The Born approximation in wave optics gravitational lensing revisited

Gravitational lensing of gravitational waves provides us with much information about the Universe, including the dark matter distribution at small scales. The information about lensed gravitational waves is encapsulated by an amplification factor, which is calculated by an integration of an oscillatory function. The Born approximation, which has been studied in terms of wave optics in gravitational lensing, may provide a means of overcoming the difficulty in evaluating the oscillating function and better understanding the connection between the amplification factor and the lens mass distribution. In this paper, we revisit the Born approximation for a single lens plane.
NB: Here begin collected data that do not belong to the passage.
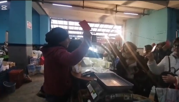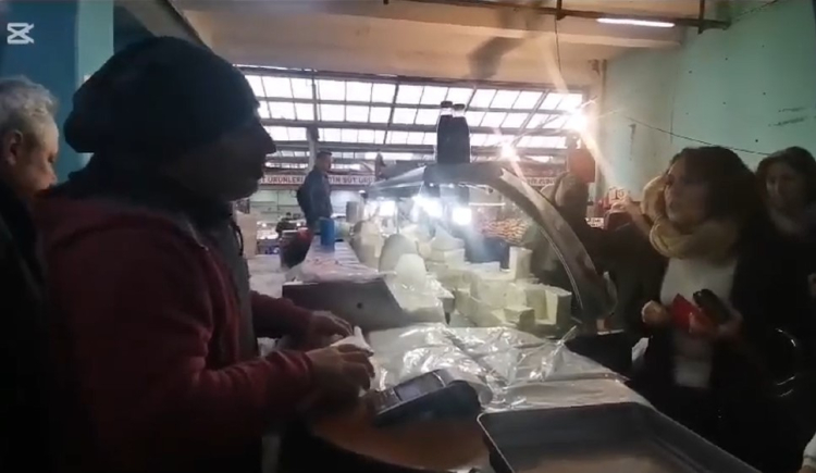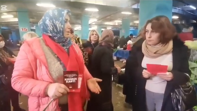 Pazar esnafıyla görüşen Meyrem Ataç, esnafa ve vatandaşa kırmızı kart dağıttı. Hükümeti pahalılıktan dolayı eleştiren Ataç, iktidara kırmızı kart gösterdi. Vatandaşlar da ellerine aldıkları kırmızı kartı göstererek pahalılığa tepki gösterdi.
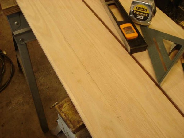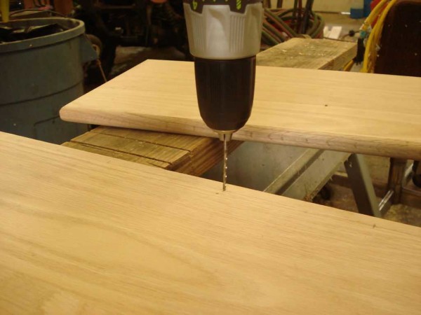 Две доски надо соединить под прямым углом. Шаг установки саморезов — 10-15 см. Размечаем места на боковине, переносим их на торец. Точность требуется высокая. Прикладываем одну к другой и тонко отточенным карандашом переносим отметки. По разметке делаем отверстия.
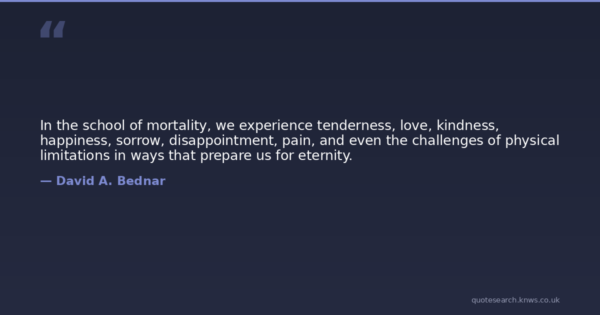 In the school of mortality, we experience tenderness, love, kindness, happiness, sorrow, disappointment, pain, and even the challenges of physical limitations in ways that prepare us for eternity.
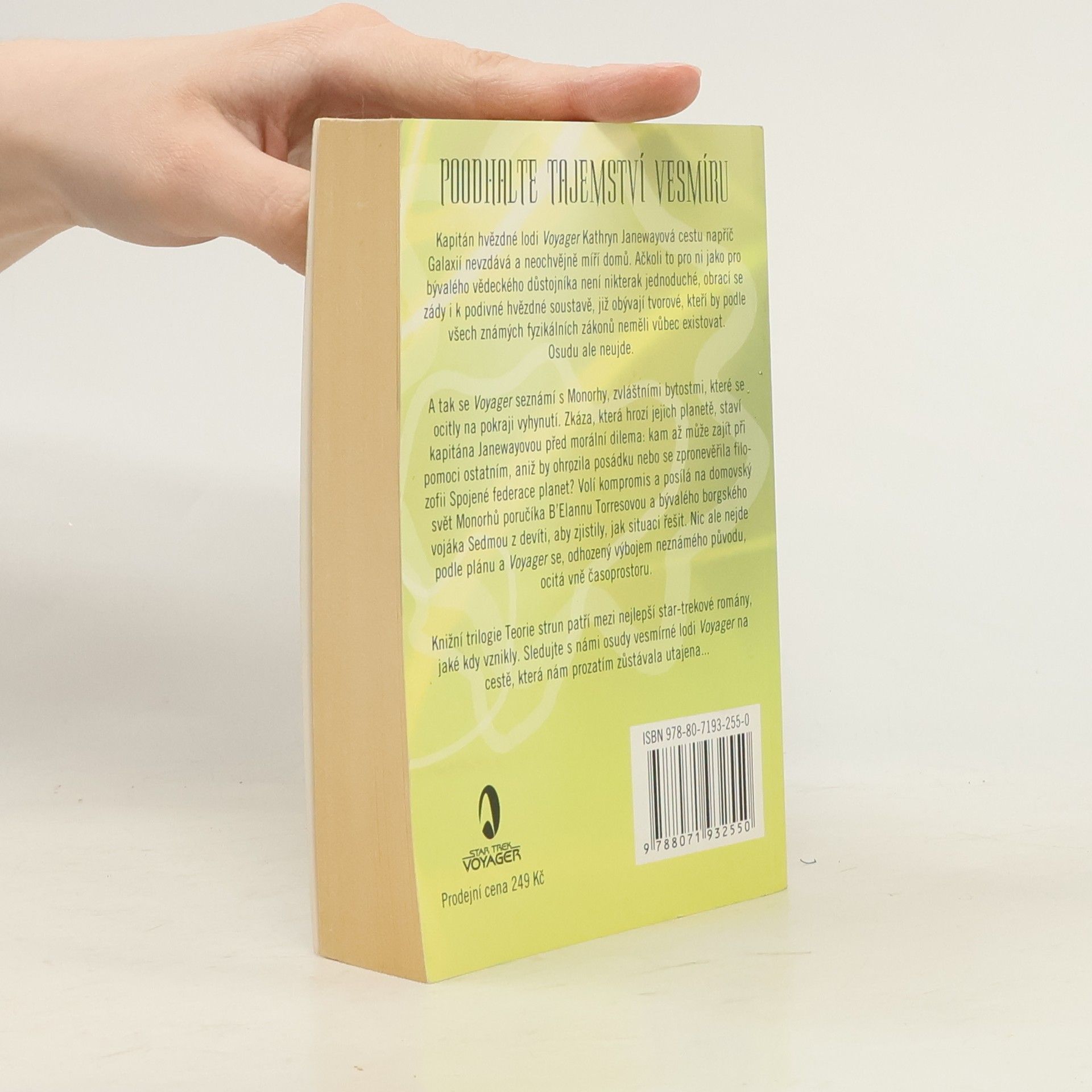 Kapitán hvězdné lodi Voyager Kathryn Janewaová cestu napříč Galaxií nevzdává a neochvějně míří domů. Ačkoli to pro ni jak pro bývalého vědeckého důstojníka není nikterak jednoduché, obrací se zády i k podivné hvězdné soustavě, již obývají tvorové, kteří by podle všech známých fyzikálních zákonů neměli vůbec existovat. Osudu ale neujde. A tak se Voyager seznámí s Monorhy, zvláštními bytostmi, které se ocitly na pokraji vyhynutí. Zkáza, která hrozí jejich planetě, staví kapitána Janewayovou před morální dilema: kam až může zajít při pomoci ostatním, aniž by ohrozila posádku nebo se zpronevěřila filozofii Spojené federace planet? Volí kompromis a posílá na domovský svět Monorhů poručíka B'Elannu Torresovou a bývalého borgského vojáka Sedmou z devíti, aby zjistily, jak situaci řešit. Nic ale nejde podle plánu a Voyager se, odhozený výbojem neznámého původu, ocitá vně časoprostoru. Knižní trilogie Teorie strun patří mezi nejlepší star-trekové romány, jaké kdy vznikly. Sleduje s námi osudy vesmírné lodi Voyager na cestě, která nám prozatím zůstává utajena...
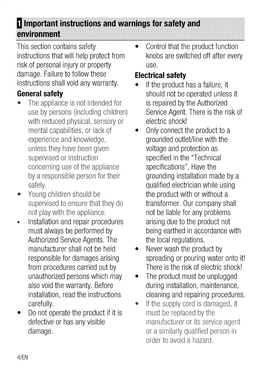 Baumatic BCT4 - Important Safety and Environmental Instructions; General Safety Precautions; Electrical Safety Guidelines
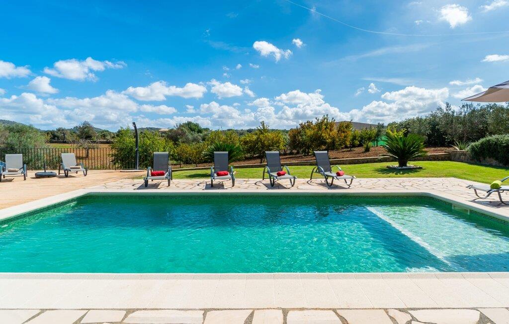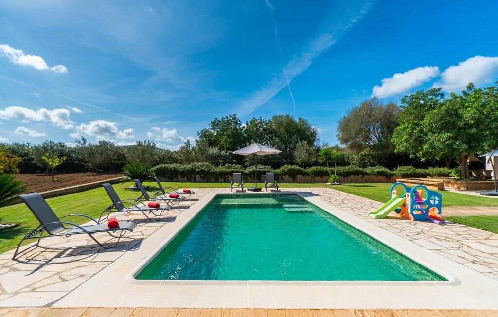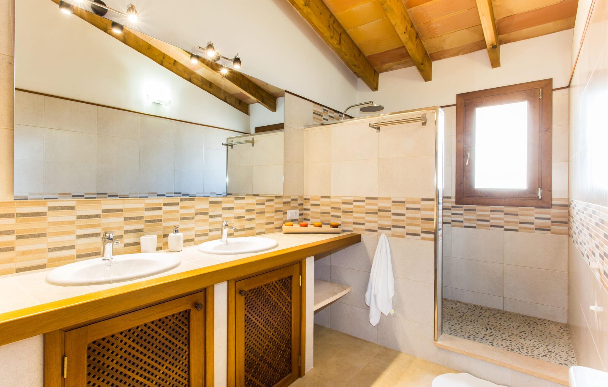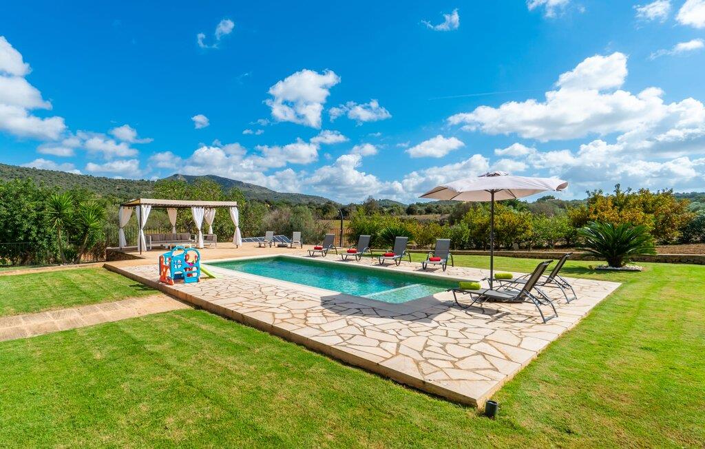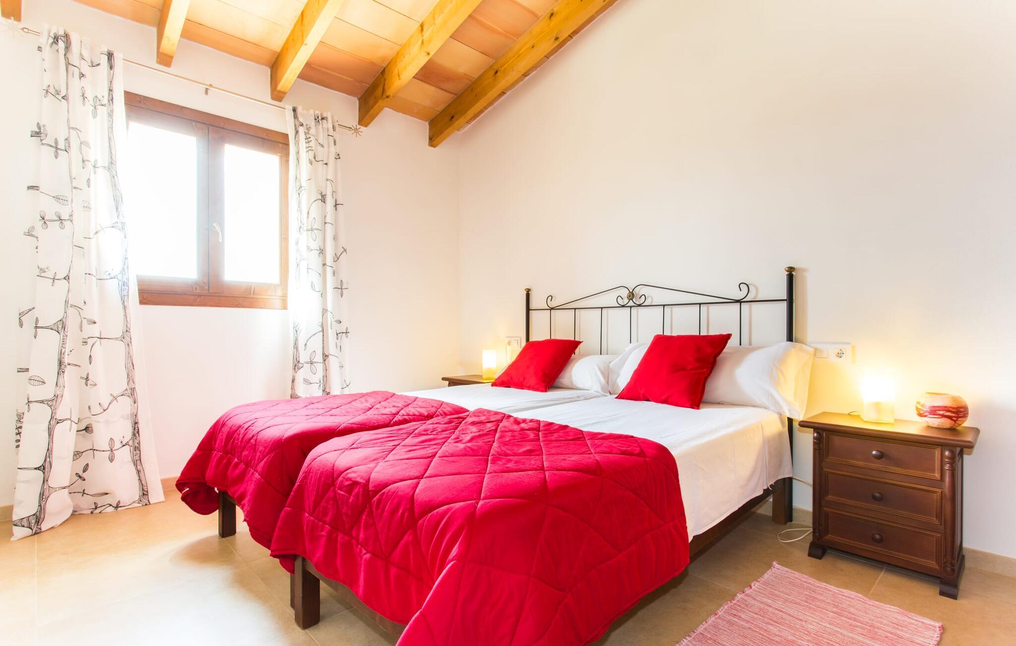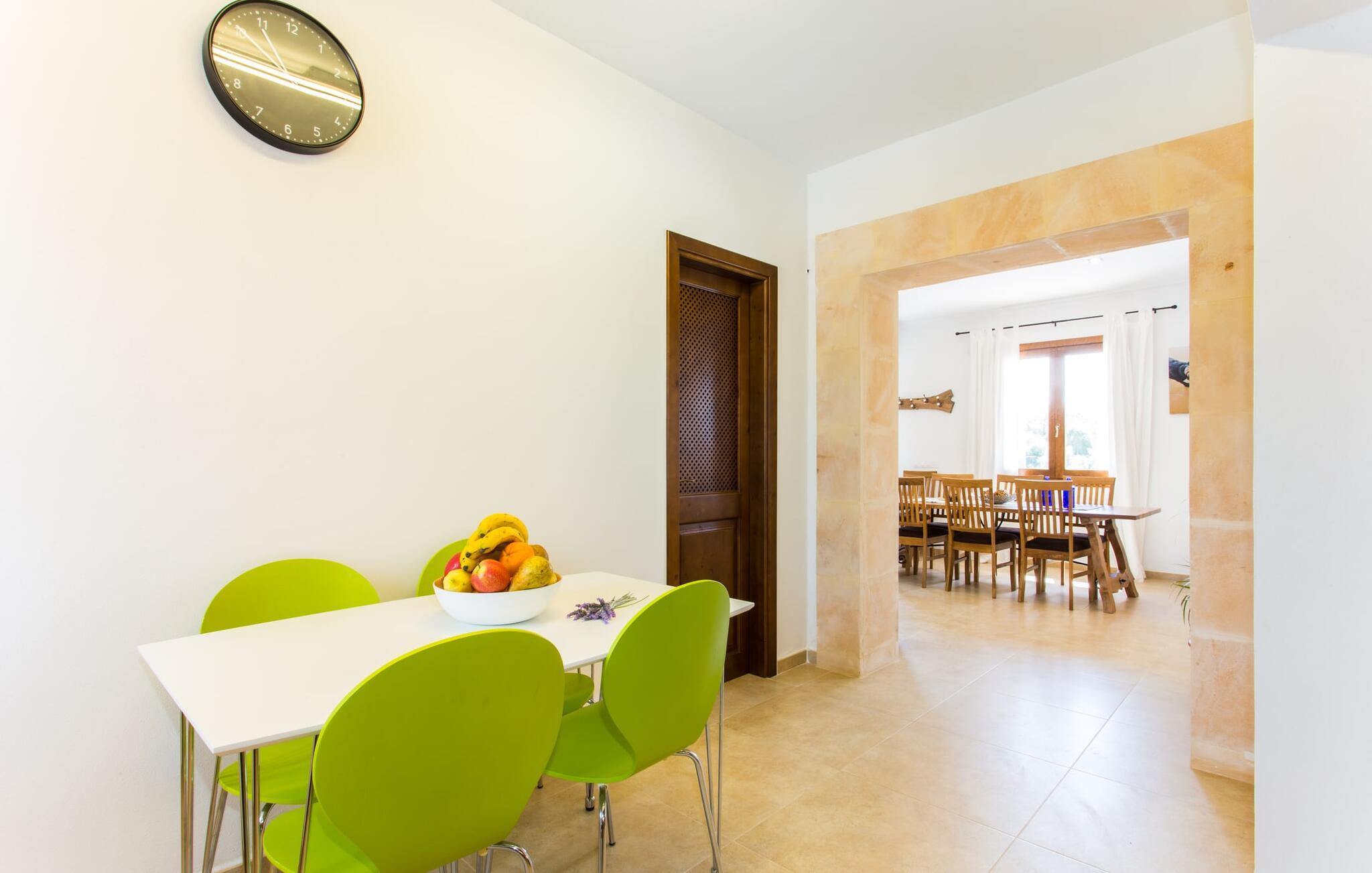 Det charmerende feriehus "Son Duri" nær Manacor er beliggende i rolige landlige omgivelser, omgivet af fladt landskab. Det næsten trinløse, rummelige udendørsareal har en rummelig græsplæne, der indbyder til leg og afslapning. Skyggefulde legeområder byder de små gæster varmt velkommen. Poolen har nem adgangstrin og et bredt siddeområde og kan sikkert indhegnes, hvis det ønskes. Solterrassen, foret med en stor pavillon og komfortable havemøbler, inviterer jer til at slappe af. En overdækket terrasse giver et hyggeligt sted til udendørs spisning, så I kan nyde måltider fra murstensgrillen, mens I holder øje med poolen. Den omfattende ejendom tilbyder en betagende udsigt over landskabet nord for Manacor og sikrer masser af privatliv. Det rummelige interiør er ideelt til en afslappende ferie med hele familien. I stueetagen finder I en lys opholds- og spisestue med siddepladser og pejs. Det moderne, veludstyrede køkken er halvåbent til spisepladsen. Der er direkte udgang til den overdækkede terrasse fra både køkken og spiseplads. Den brede bruser og døre i stueetagen gør denne del af fincaen let tilgængelig for alle. På øverste etage er der yderligere tre soveværelser med dobbeltsenge og to badeværelser. De hyggelige soveværelser byder på en smuk udsigt over det omkringliggende landskab og vinduerne kan let mørklægges med skodder. Dette dejlige feriehus nær Manacor tilbyder også pålidelig mobiltelefonmodtagelse, god WiFi og et skrivebord. Den moderne villa "Son Duri" ligger på en kæmpe ejendom på den østlige del af øen, omkring 60 km fra lufthavnen. Det er centralt beliggende, små byer og strande er i nærheden.

We find that the distortion of gravitational waves induced by wave optics gravitational lensing is in general connected with the mass distribution of the lens object through a convolution integral, where the scale of the kernel is determined by the Fresnel scale. We then study the validivity and accuracy of the Born approximation specifically for the case of a point mass lens for which the exact analytical expression of the amplicfication factor is available. Using the dimensionless parameter $y$, which represents the normalized impact parameter, and the dimensionless parameter $w$, which denotes the normalized frequency, we show that the $n$-th term of the Born approximation scales as $y^{-2}w^{n-1}$. This indicates that, for the case of a point mass lens, the Born approximation is valid when $w$ is less than 1, with its accuracy scaling as $wy^{-2}$ in this regime.